(Beginning of RECORDED INFORMATION)
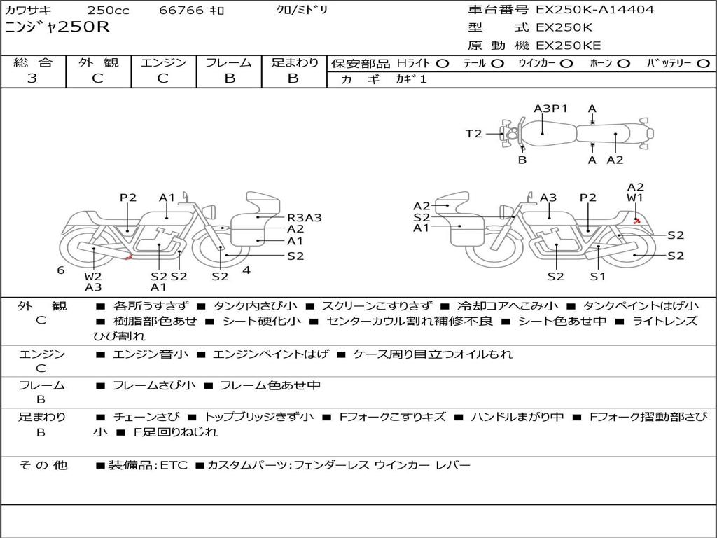 | Номер рамы / VIN | EX250K-A14404 |
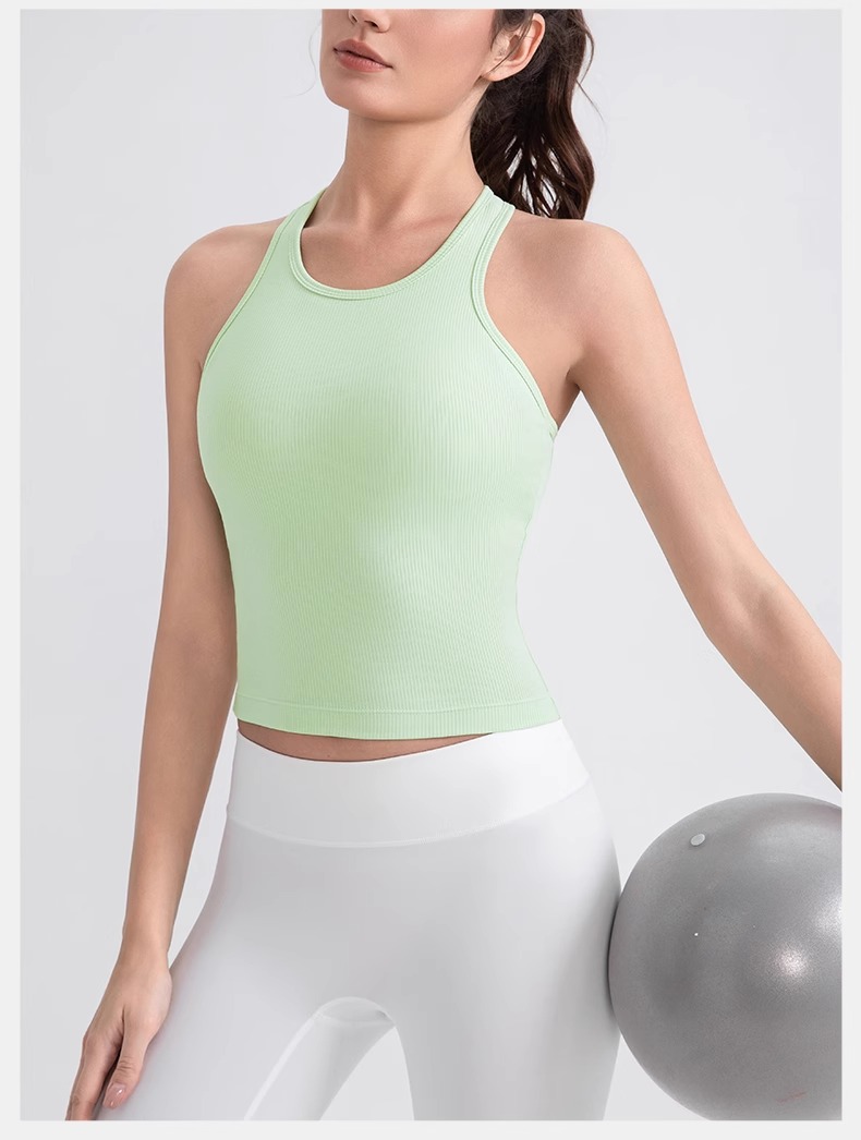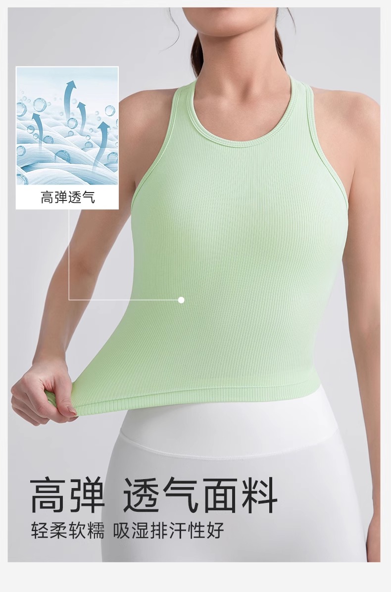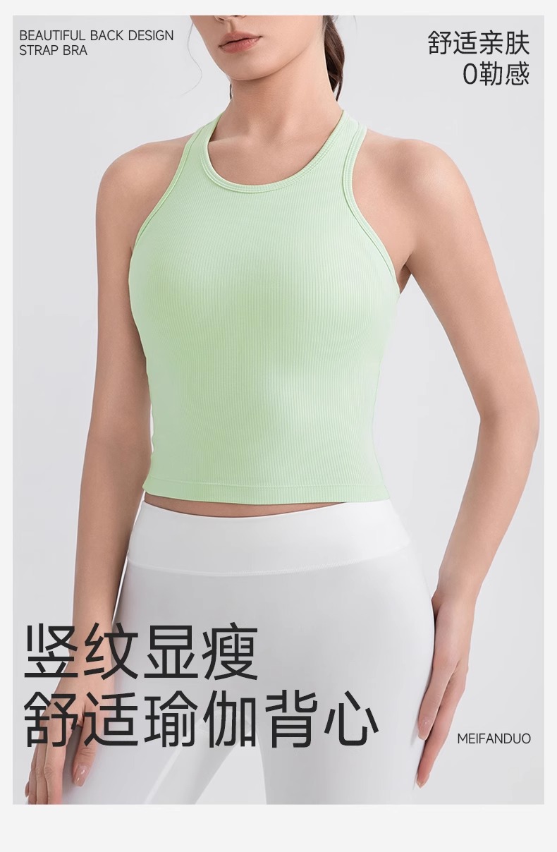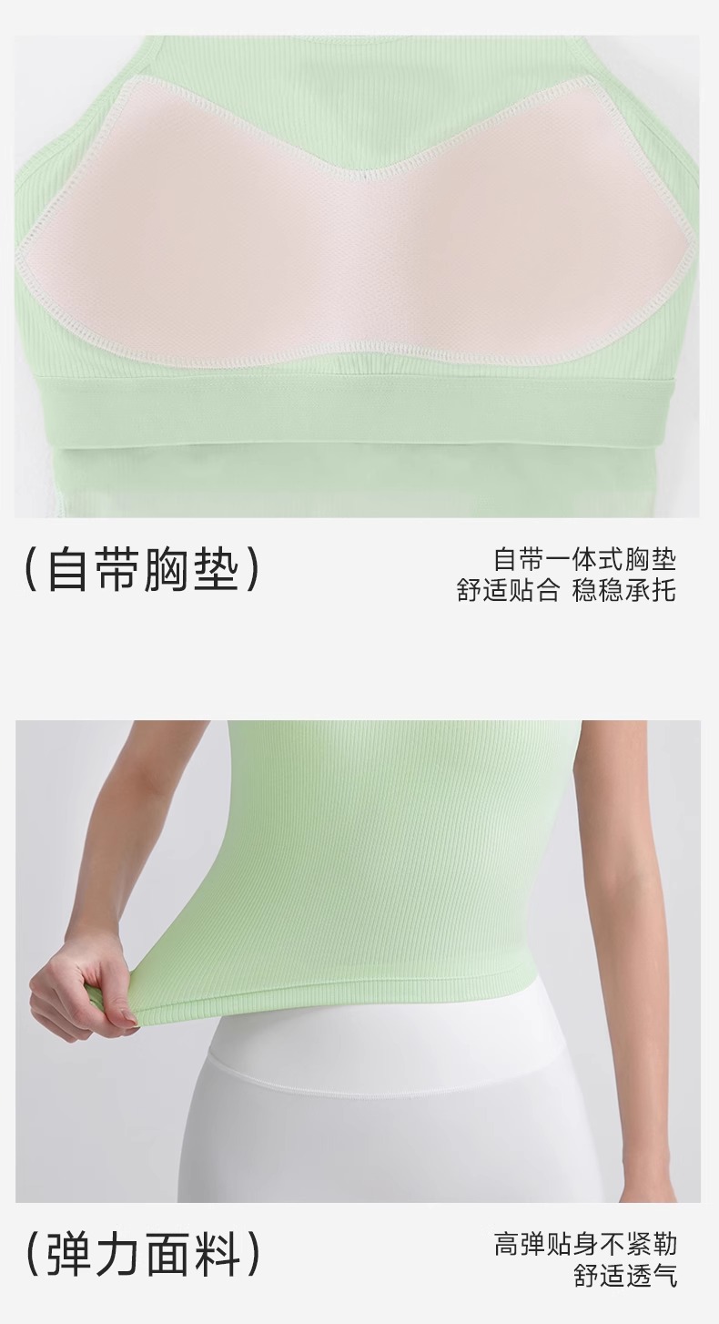 跃牌【欲动春风】系列 条纹瑜伽背心女带胸垫高弹透气跑步健身文胸运动背心52170
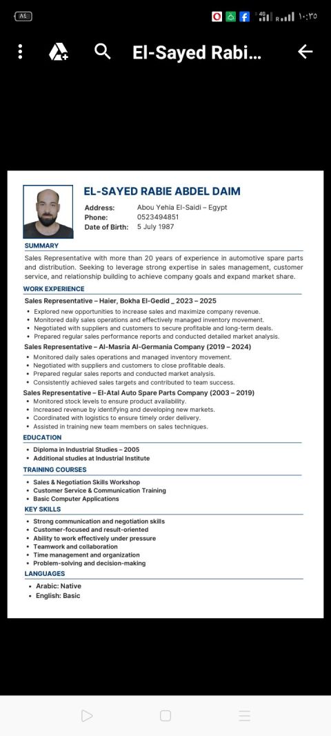 I work as a sales representative for a German modern lighting company and also for Carrefour Egypt hypermarkets. I am looking for a job and want to join immediately
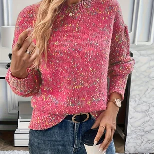 TEMU Damski Jasnoróżowy Sweter - Miękki, Elastyczny Sweter z Długim Rękawem i Okrągłym Dekoltem, Całoroczny, Casualowy i Elegancki Sweter do Noszenia
(End of RECORDED INFORMATION)
_TASK DESCRIPTION_.
Everything from the line containing "I work as a" to the final line of the listing above, both ends included, should be transcribed word for word, except for the pictures.

_WRITTEN RESPONSE_.
 I work as a sales representative for a German modern lighting company and also for Carrefour Egypt hypermarkets. I am looking for a job and want to join immediately
 TEMU Damski Jasnoróżowy Sweter - Miękki, Elastyczny Sweter z Długim Rękawem i Okrągłym Dekoltem, Całoroczny, Casualowy i Elegancki Sweter do Noszenia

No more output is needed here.